Как ни странно, но врачу автор в данном произведении уделяет меньше внимания, чем пономарю, образ медика обрисован буквально одним катреном:
Врач, скептического складу,
Не любил духовных лиц
И причетнику в досаду
Проглатил пятьсот яиц [16, с. 389]
Единственная характеристика врача находится в сфере категорий рациональности – «скептического складу», имеется в виду склад ума. Слово «ум» опущено в данном обороте специально, все категории ума в данном стихотворении намеренно не используются, тем самым подчеркивается его отсутствие у героев. Обратимся к семантике слова «скептический». В разных словарях находим похожие его трактовки: ‘ничему не верящий без анализа’ [6, с. 571], ‘недоверчивый, подозрительный’ [9, с. 602], ‘недоверчивый, полный сомнения’ [7, с. 568], ‘ничему не доверяющий без проверки’ [18, с. 512]. Резко негативной оценки данное описание не несет: учитывая неправдоподобность заявления пономаря, подозрительность, свойственную доктору, читатель воспринимает нейтрально. На первый взгляд, врач кажется жертвой церковников, спровоцировавших его на абсурдное действие – съесть пятьсот яиц, вследствие чего врач умирает, а «духовные же лица», которых врач так не любит, остаются жить и ут- верждать собственную глупость. Авторское осуждение скептицизма можно почувствовать благодаря абсурдности и гиперболизации приводимого врачом доказательства собственной правоты. О.Л. Чер-норицкая в работе «Поэтика абсурда» пишет: «Странные, с точки зрения обыденной логики, поступки литературных персонажей, как правило, результат намерения автора применить метод доказательства от противного, чтобы лишний раз подчеркнуть бессмысленность и «невозможность» идеи, персонифицируемой этим персонажем» [17, с. 58]. Следовательно, безумный поступок врача характеризует несостоятельность его убеждений.

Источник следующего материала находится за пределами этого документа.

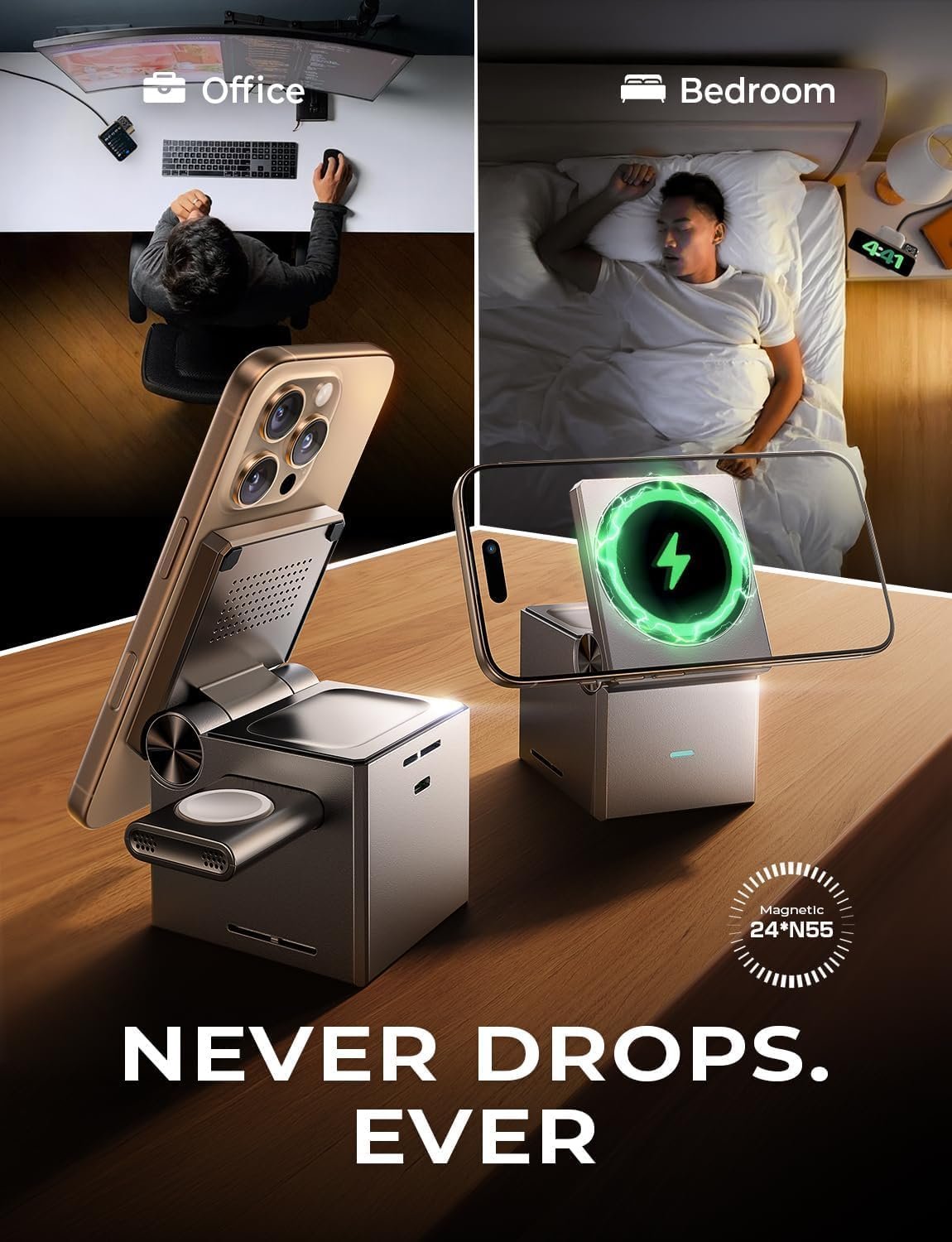 Versatile Usage: Not only does our charging station provide a convenient solution for charging your devices, but it also doubles as an adjustable stand for your iPhone. Whether you prefer to watch videos, make calls, or use your phone in landscape or portrait mode, this charger offers the flexibility you need. The anti-slip design ensures stability and safety while charging

Однако, негативное отношение врача к причту оправдывается автором, благодаря дополнительным характеристикам последних:
Холм насыпан. На рассвете
Пир окончен в дождь и грязь,
И причетники мыслете
Пишут, за руки схватясь [16, с. 389]
Комическое снижение образа вызывает характеристика поминального обеда – «пир». Церковный причт вместо традиционных в христианской культуре скорбных поминок с постом и молитвой по усопшему устраивает нечто более похожее на языческую тризну, после которой они возвращаются, «выписывая мыслете». Вот как об этом пишет А.Е. Смирнов: «Напившиеся на поминках врача причетники бредут, схватившись за руки, по грязи, чтобы не упасть. Качаясь и шарахаясь в разные стороны, они выписывают ногами букву «М», которая в старину произносилась как мыслете. Здесь двойной эффект. Во-первых, буква «М» зрительно воспроизводит походку пьяных причетников: вперед – наискось назад – наискось вперед – снова назад… А во-вторых, какое уж тут «мыслете», какая мысль?.. » [13, с.281]. Последнее утверждение исследователя возвращает нас к предмету сатирического осмеяния – глупости и подтверждает высказанную нами ранее мысль о преобладании абсурда в анализируемых стихотворениях.

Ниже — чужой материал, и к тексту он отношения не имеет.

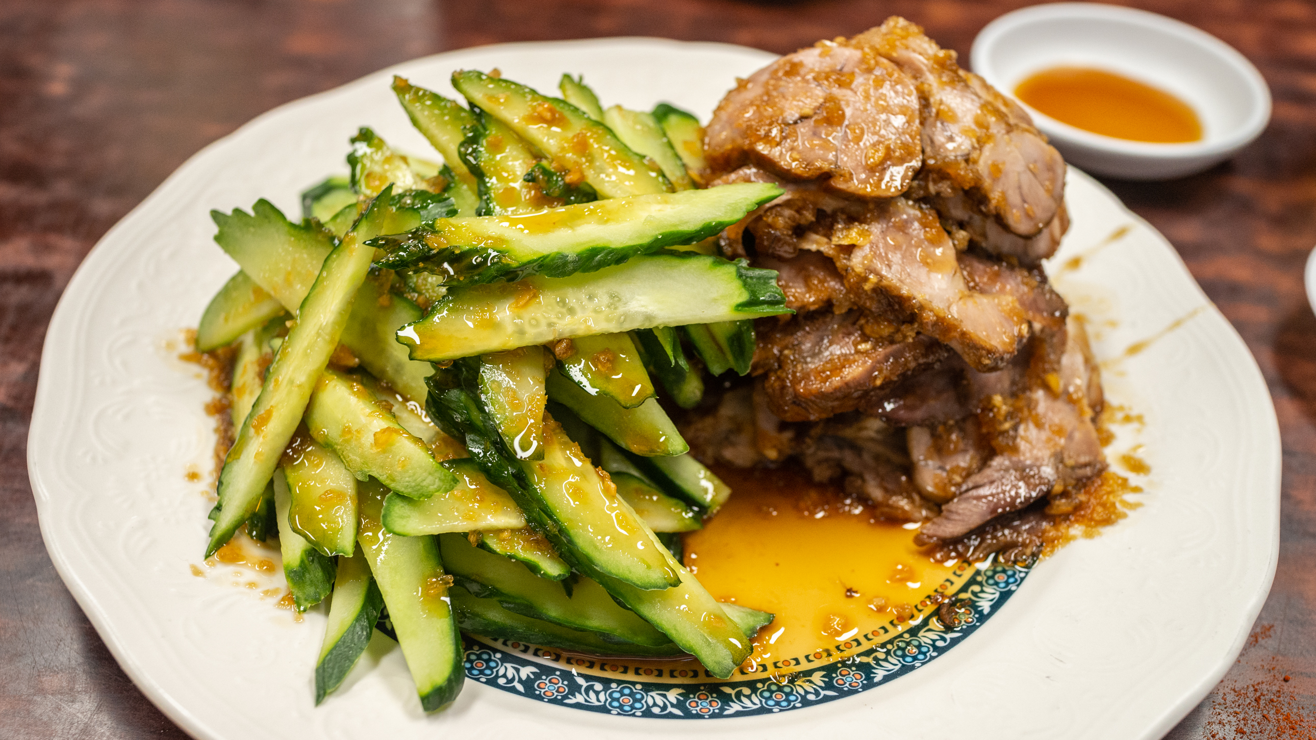 바로 나올 수 있는 오향장육을 한 그릇. 이것도 꽤 잘 나가는 메뉴인걸까요? 잠깐 열린 주방 틈 사이로 잔뜩 쌓인 오이가 보입니다.

Еще одна не маловажная черта характера доктора – его болтливость – раскрывается в стихотворении «Берестовая дудочка». В характеристике образа доктора как персонажа комедии дель арте читаем: «Голова доктора вмещает в себя довольно много обрывков учености, но в ней отсутствует логика. Поэтому, когда содержимое этой странной головы начинает сыпаться в виде речи, построенной по всем правилам риторики, – получается фейерверк прописных афоризмов, лишенных какой бы то ни было связи и самого элементарного смысла» [3, с. 109]. Данное рассуждение объясняет, как связаны между собой игра на дудочке и мечты врача в которых перемешиваются «медицинские материи и любовь и красота» [11].
Врач наигрывает на дудочке «бессознательный мотив». Интересна семантика слова бессознательный, одно из значений, определяемых словарем – ‛не направляемый и не контролируемый сознанием’ [4, с. 83], А сознание в свою очередь трактуется, как «человеческая способность идеального воспроизведения действительности в мышлении, <…> высшая форма психического отражения, свойственная общественно развитому человеку и связанная с речью…» [14, с. 1232]. Как следует из данных словарных статей, сознание – способность человека логично мыслить, рассуждать, а его отсутствие – неспособность к такого рода действиям. Отсутствие осознанности в музыкальном мотиве, который наигрывает доктор, соответственно, характеризует его образ.
Важна для понимания сатирической направленности стихотворения символика образа скворца. Скворец – это певчая птица, у которой развито звукоподражание. Теперь становится понятна художественная функция образа скворца – он мастер в подражании, но врач оказался гораздо виртуознее в бессмысленном бессознательном повторении, поэтому и позавидовал скворец. А. Смирнов иначе интерпретирует смысл этого образа: «под завистливым скворцом <…> автор изобразил себя – песнетворца ревнующего к дудочке врача так очаровавшей “птичек”» [13, с. 283]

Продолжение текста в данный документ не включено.